New Orleans Mayor LaToya Cantrell (D) filed two lawsuits on March 14, 2023, to challenge a consent judgment that was agreed upon by Louisiana Secretary of State Kyle Ardoin (R) and the organizers of the recall effort against Cantrell. The consent judgment, announced by Ardoin on March 1, 2023, revises the number of registered voters in the Orleans Parish down to 224,876 for the purpose of the recall effort. That lowers the requirement to put the recall election on the ballot to 44,975 signatures, down from 49,975.

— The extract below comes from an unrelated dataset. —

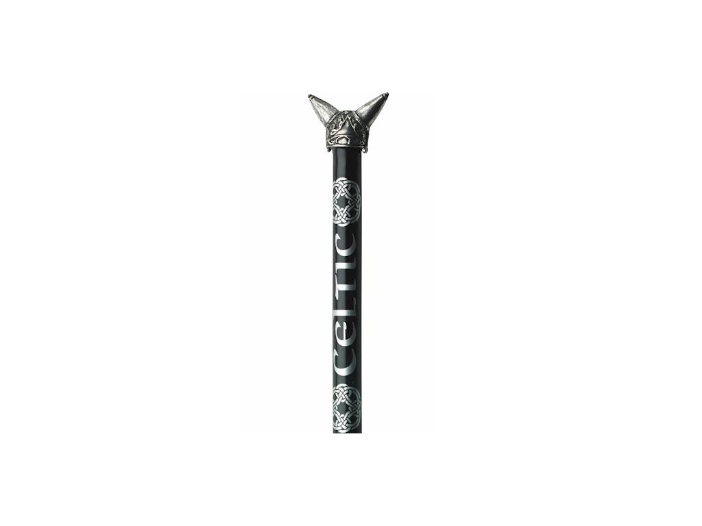Tento ozdobný vršok na ceruzku - keltská prilba je vyrobený z cínu a dodáva sa spolu s čiernou ceruzkou s potlačou slova Celtic a prepletaného vzoru na nej.

Cantrell’s attorneys argue in the first lawsuit, filed with the Orleans Parish Civil District Court, that Ardoin lacked the authority to retroactively lower the signature threshold for a recall petition that had already been submitted. The lawsuit also states that Orleans Parish Civil District Court Judge Jennifer Medley, who approved the consent judgment, had a vested interest in the outcome of the litigation, based on reports that Medley was a signatory to the recall petition.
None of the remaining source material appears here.